[Exercise data]
--------------------------------------------------
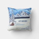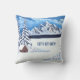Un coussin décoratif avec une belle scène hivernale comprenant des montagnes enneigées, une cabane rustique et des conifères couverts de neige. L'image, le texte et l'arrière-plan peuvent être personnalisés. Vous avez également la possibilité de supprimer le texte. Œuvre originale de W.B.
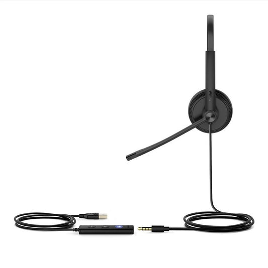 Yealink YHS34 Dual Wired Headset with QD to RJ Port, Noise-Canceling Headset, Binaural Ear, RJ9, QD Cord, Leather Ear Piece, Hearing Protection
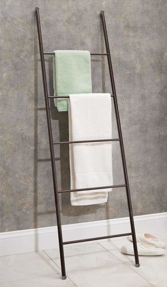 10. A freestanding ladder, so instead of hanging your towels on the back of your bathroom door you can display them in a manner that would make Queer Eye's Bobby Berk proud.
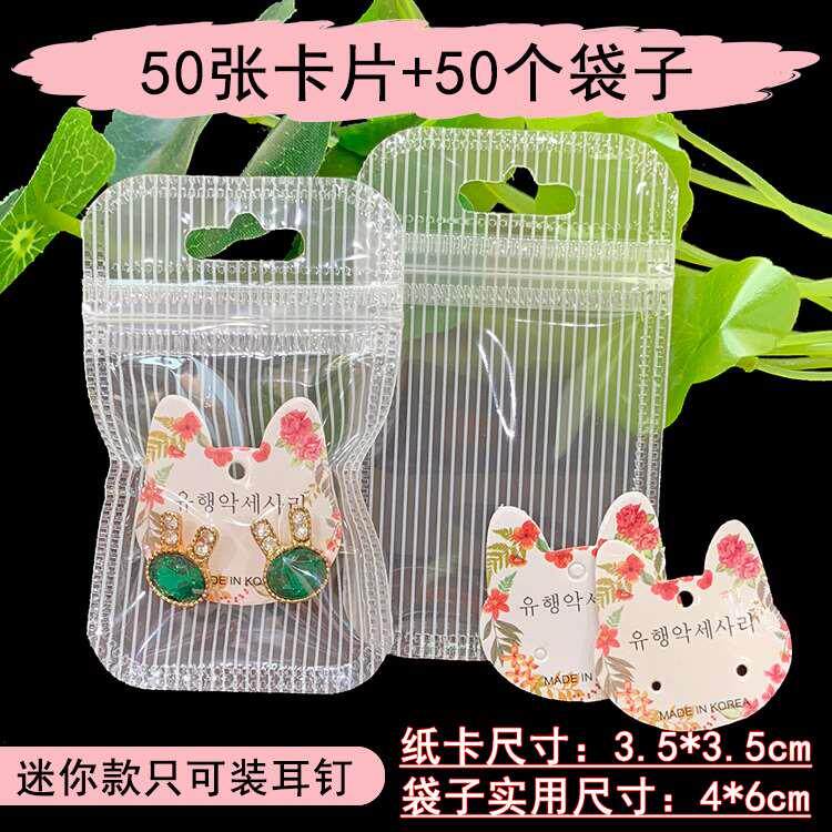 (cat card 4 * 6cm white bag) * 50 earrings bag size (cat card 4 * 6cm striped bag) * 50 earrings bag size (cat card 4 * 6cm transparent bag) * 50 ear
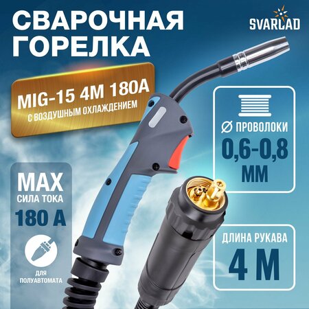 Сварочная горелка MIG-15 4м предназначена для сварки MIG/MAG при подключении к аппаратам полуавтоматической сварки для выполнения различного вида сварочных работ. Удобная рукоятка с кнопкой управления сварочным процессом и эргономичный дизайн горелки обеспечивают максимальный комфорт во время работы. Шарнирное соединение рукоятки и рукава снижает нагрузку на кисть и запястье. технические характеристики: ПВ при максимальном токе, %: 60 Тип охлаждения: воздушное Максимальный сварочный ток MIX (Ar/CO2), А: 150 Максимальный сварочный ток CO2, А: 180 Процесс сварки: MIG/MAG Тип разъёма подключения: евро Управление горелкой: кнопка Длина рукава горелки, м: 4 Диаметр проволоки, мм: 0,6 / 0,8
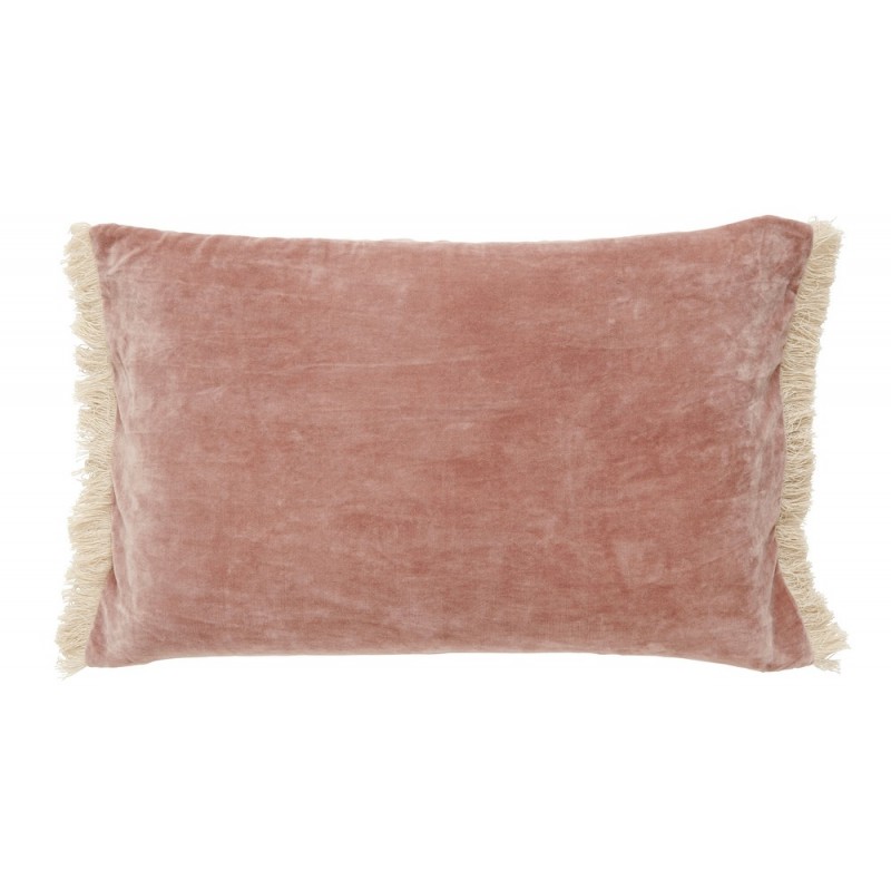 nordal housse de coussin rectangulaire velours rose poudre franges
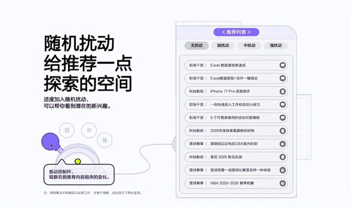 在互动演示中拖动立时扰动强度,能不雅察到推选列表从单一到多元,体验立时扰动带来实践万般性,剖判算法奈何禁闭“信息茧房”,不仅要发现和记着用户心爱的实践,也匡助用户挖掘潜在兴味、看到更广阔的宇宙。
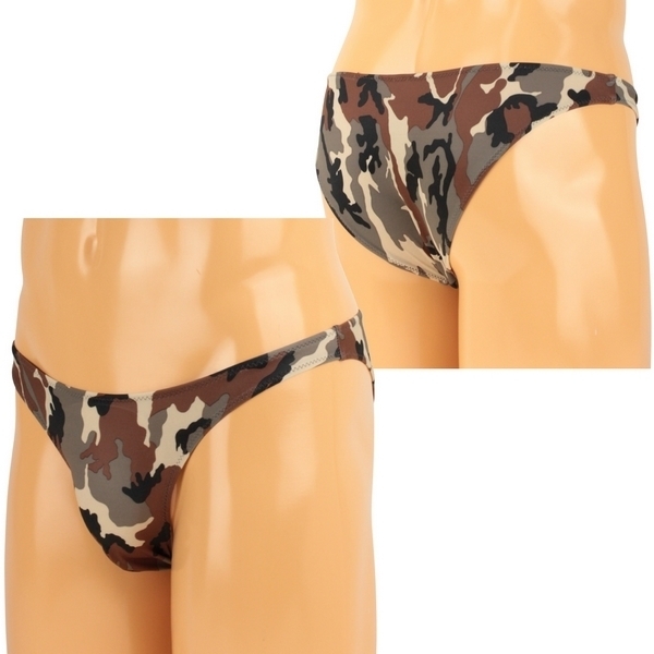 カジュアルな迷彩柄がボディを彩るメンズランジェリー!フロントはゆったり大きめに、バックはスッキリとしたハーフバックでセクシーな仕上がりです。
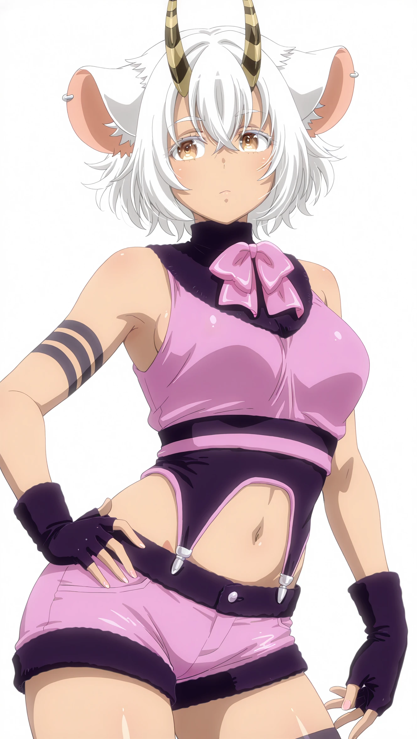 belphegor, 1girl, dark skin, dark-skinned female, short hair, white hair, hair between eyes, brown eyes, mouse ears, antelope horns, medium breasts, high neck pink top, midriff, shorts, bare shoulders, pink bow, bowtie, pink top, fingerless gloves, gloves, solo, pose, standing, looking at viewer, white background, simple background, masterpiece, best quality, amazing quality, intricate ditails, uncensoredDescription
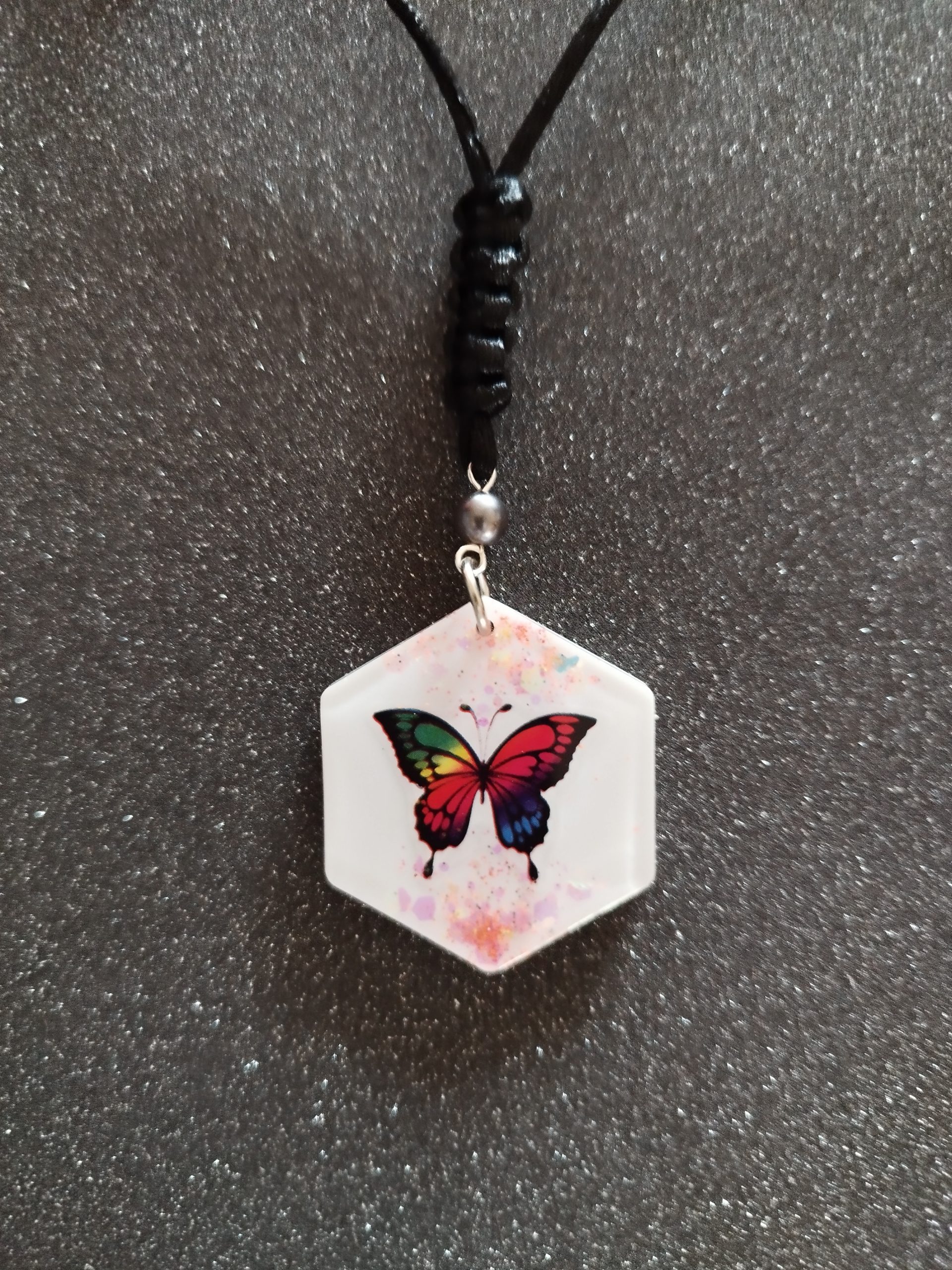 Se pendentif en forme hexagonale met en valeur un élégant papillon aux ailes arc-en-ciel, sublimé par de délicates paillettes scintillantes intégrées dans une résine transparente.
--------------------------------------------------
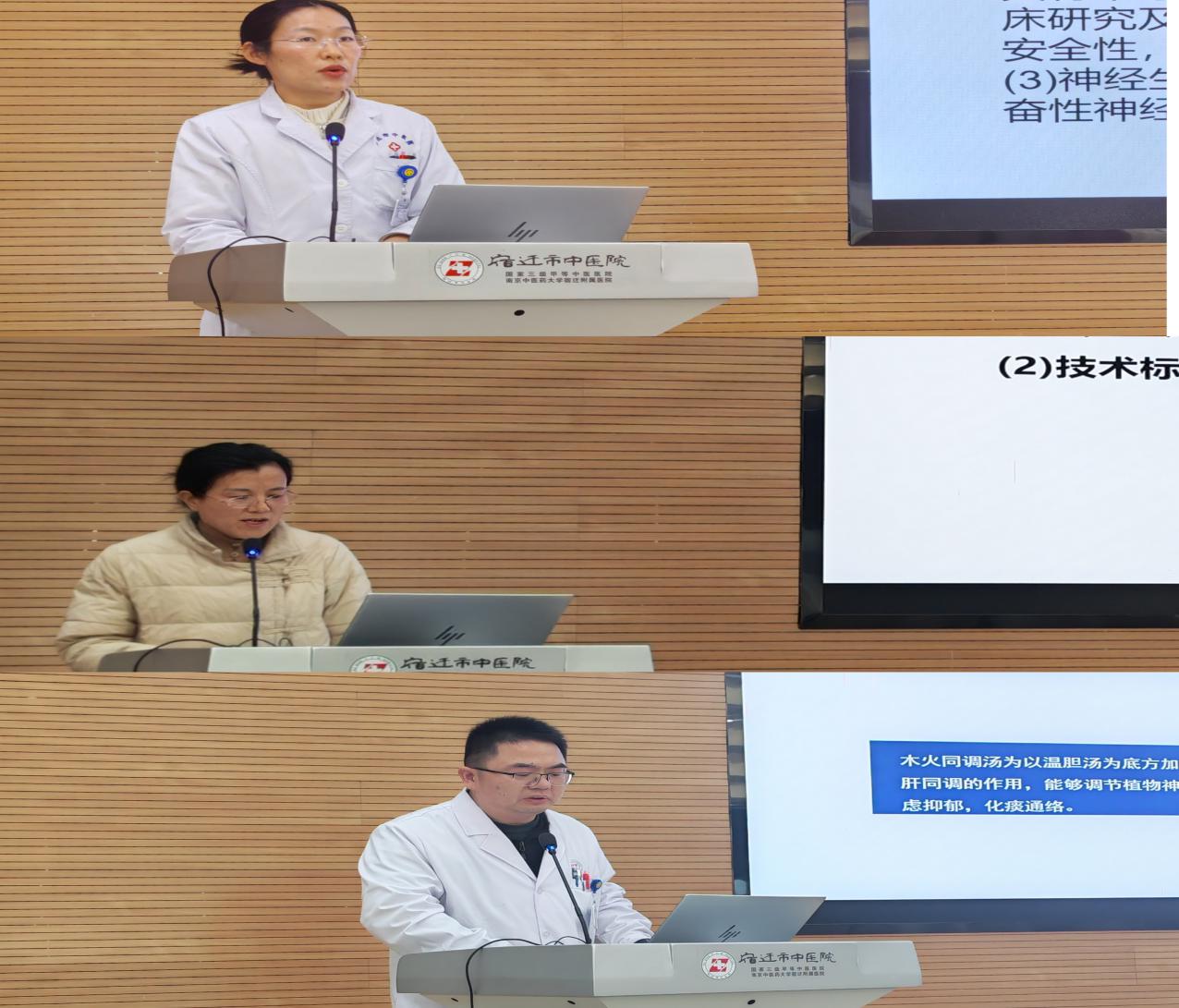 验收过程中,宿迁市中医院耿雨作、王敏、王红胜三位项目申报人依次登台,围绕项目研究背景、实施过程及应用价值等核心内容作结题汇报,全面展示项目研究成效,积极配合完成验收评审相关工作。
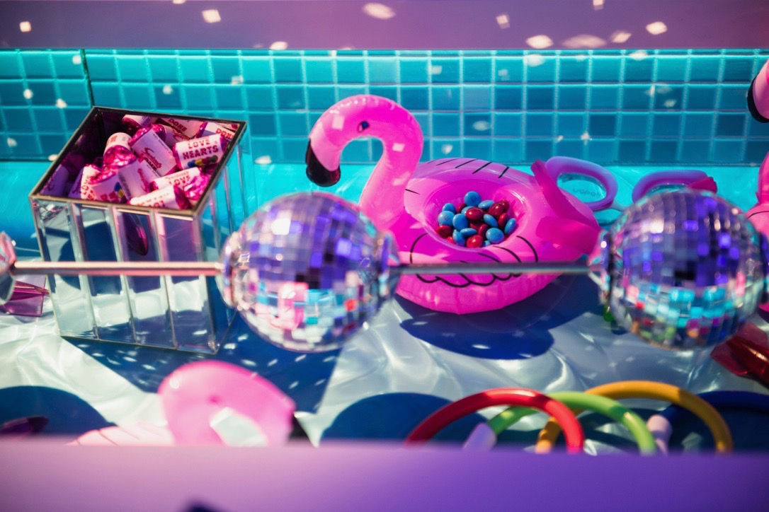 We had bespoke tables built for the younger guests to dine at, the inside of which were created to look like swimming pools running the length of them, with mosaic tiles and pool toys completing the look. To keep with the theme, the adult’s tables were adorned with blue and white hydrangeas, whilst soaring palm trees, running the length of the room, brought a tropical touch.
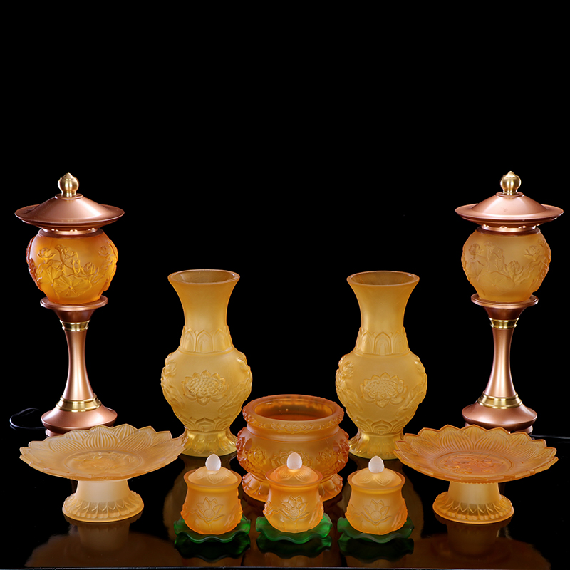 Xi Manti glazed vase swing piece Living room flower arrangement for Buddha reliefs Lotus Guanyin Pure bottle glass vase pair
--------------------------------------------------
[The task]
Return, exactly as they stand, the lines above from the one with "カジュアルな迷彩柄がボディを" to the one with "Se pendentif en", omitting any pictures among them.

[Answer for the task]
 カジュアルな迷彩柄がボディを彩るメンズランジェリー!フロントはゆったり大きめに、バックはスッキリとしたハーフバックでセクシーな仕上がりです。
 belphegor, 1girl, dark skin, dark-skinned female, short hair, white hair, hair between eyes, brown eyes, mouse ears, antelope horns, medium breasts, high neck pink top, midriff, shorts, bare shoulders, pink bow, bowtie, pink top, fingerless gloves, gloves, solo, pose, standing, looking at viewer, white background, simple background, masterpiece, best quality, amazing quality, intricate ditails, uncensoredDescription
 Se pendentif en forme hexagonale met en valeur un élégant papillon aux ailes arc-en-ciel, sublimé par de délicates paillettes scintillantes intégrées dans une résine transparente.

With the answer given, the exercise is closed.